Data in this exercise
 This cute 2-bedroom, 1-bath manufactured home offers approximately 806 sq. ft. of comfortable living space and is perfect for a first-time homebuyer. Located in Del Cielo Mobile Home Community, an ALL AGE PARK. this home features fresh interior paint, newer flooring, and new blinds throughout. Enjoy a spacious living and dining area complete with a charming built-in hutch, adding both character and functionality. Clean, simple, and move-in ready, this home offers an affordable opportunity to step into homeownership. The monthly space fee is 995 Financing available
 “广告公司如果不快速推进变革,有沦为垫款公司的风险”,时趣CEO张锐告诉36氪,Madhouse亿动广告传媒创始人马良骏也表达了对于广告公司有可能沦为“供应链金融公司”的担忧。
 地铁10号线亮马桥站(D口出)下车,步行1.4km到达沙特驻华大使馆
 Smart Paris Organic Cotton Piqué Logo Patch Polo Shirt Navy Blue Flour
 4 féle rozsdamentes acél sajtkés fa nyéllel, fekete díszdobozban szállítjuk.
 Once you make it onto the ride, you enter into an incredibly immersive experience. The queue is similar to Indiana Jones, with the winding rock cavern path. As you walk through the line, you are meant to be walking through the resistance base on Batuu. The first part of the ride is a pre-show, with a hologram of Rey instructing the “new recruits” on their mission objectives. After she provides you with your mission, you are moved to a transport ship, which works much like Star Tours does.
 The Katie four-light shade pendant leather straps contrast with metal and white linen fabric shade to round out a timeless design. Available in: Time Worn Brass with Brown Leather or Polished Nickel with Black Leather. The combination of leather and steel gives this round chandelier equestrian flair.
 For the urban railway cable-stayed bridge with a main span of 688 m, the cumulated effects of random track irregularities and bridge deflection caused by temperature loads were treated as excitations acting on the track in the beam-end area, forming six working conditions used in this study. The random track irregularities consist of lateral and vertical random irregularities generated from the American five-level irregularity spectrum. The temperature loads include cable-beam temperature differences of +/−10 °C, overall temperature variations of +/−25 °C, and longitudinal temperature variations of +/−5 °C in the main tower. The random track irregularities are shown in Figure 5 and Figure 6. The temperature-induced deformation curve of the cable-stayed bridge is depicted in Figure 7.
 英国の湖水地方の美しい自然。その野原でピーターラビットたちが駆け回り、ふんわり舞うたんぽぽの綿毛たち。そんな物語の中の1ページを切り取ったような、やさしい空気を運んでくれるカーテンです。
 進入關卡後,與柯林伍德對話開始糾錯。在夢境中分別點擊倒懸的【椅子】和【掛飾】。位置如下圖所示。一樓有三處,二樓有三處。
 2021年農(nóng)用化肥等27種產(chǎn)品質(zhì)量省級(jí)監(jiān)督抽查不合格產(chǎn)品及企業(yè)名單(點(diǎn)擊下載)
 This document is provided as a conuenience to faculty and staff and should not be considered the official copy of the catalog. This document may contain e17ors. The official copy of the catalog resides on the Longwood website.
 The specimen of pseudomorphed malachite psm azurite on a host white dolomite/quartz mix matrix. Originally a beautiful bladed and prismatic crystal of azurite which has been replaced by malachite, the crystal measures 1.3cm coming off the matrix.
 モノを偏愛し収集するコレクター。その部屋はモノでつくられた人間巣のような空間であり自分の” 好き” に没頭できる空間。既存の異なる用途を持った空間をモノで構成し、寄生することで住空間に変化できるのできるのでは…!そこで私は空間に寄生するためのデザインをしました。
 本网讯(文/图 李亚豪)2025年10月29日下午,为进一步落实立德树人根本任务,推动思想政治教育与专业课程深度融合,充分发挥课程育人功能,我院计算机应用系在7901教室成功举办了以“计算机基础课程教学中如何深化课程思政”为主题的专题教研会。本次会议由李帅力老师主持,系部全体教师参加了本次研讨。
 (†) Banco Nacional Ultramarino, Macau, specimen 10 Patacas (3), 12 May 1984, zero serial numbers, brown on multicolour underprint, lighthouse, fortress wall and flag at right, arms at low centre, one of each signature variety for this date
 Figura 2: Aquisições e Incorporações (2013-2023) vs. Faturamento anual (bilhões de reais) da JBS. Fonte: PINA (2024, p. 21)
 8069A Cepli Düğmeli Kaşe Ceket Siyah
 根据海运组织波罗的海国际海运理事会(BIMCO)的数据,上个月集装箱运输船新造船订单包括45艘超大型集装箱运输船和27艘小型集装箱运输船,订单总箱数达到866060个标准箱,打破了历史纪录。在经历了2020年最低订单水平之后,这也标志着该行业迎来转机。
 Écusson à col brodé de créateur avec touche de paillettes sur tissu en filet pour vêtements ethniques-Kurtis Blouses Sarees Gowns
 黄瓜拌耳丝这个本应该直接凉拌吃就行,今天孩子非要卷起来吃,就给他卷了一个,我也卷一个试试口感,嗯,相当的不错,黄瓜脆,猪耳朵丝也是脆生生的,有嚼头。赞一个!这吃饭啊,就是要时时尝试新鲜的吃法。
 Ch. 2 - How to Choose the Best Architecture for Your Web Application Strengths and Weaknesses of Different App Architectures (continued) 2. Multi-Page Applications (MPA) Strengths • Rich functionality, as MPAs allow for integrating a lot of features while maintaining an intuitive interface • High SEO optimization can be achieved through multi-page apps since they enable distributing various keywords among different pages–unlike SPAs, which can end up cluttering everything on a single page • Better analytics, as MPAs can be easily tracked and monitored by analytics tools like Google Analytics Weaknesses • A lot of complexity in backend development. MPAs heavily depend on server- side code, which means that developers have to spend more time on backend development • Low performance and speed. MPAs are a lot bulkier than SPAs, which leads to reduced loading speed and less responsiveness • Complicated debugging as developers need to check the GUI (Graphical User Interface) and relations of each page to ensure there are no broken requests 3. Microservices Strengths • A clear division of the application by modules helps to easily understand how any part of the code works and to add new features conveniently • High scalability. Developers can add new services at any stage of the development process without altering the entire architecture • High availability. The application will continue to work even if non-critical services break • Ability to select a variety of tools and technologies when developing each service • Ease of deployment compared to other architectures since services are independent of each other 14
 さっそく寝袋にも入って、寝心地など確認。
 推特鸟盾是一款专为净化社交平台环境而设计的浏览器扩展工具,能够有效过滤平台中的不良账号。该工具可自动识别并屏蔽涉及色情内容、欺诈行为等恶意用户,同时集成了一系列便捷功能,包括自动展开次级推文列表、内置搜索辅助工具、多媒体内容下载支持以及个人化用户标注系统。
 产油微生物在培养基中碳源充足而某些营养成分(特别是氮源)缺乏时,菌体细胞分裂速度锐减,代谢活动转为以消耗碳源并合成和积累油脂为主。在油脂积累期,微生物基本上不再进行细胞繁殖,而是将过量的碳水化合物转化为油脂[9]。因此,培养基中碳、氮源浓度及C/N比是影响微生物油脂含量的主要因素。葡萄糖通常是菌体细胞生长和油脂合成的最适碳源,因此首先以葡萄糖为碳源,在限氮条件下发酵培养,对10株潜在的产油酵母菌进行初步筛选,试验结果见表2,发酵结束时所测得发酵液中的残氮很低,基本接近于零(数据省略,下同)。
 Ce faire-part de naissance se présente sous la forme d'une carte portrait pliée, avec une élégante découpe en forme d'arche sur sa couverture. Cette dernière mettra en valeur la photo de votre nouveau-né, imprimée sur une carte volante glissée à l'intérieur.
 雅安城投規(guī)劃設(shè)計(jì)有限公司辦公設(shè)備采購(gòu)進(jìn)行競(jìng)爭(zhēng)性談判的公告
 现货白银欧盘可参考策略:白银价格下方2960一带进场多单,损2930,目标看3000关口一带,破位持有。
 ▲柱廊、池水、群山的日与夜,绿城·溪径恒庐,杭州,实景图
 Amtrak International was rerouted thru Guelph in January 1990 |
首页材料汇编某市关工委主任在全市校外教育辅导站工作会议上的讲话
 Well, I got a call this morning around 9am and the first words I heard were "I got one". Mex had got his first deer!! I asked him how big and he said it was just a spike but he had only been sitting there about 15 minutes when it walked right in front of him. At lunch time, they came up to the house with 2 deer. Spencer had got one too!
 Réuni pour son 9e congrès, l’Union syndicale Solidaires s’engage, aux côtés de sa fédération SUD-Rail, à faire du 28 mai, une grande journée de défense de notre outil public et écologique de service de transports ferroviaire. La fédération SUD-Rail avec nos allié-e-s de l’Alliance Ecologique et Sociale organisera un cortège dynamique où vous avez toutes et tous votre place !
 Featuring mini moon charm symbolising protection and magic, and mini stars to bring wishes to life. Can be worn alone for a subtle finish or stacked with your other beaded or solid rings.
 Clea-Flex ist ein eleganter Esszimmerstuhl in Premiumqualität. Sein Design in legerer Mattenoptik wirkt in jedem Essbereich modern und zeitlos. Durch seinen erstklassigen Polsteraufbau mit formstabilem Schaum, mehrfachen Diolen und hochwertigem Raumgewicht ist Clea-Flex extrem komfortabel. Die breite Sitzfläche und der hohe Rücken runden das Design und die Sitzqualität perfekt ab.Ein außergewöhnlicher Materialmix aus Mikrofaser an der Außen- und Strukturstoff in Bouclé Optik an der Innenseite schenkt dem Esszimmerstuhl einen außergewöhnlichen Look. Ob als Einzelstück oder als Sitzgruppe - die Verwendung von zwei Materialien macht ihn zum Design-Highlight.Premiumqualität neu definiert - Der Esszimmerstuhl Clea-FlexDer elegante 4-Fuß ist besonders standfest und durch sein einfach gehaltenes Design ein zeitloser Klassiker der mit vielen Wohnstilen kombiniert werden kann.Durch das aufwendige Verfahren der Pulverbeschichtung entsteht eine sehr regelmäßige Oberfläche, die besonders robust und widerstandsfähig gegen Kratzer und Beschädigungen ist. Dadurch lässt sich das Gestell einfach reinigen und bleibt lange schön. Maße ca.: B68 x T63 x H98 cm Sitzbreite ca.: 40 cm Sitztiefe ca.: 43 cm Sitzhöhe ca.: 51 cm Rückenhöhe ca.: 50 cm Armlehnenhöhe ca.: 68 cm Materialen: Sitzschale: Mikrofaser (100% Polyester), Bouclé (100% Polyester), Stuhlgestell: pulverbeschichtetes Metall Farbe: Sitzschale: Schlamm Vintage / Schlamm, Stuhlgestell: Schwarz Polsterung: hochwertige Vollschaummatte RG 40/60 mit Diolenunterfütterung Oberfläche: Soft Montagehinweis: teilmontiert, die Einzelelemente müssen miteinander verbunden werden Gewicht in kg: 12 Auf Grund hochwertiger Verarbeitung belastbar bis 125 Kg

What to do
Return nothing but the lines from the first line of the listing through the line with "4 féle rozsdamentes", please, keeping every one of them unchanged.

The completed task
 This cute 2-bedroom, 1-bath manufactured home offers approximately 806 sq. ft. of comfortable living space and is perfect for a first-time homebuyer. Located in Del Cielo Mobile Home Community, an ALL AGE PARK. this home features fresh interior paint, newer flooring, and new blinds throughout. Enjoy a spacious living and dining area complete with a charming built-in hutch, adding both character and functionality. Clean, simple, and move-in ready, this home offers an affordable opportunity to step into homeownership. The monthly space fee is 995 Financing available
 “广告公司如果不快速推进变革,有沦为垫款公司的风险”,时趣CEO张锐告诉36氪,Madhouse亿动广告传媒创始人马良骏也表达了对于广告公司有可能沦为“供应链金融公司”的担忧。
 地铁10号线亮马桥站(D口出)下车,步行1.4km到达沙特驻华大使馆
 Smart Paris Organic Cotton Piqué Logo Patch Polo Shirt Navy Blue Flour
 4 féle rozsdamentes acél sajtkés fa nyéllel, fekete díszdobozban szállítjuk.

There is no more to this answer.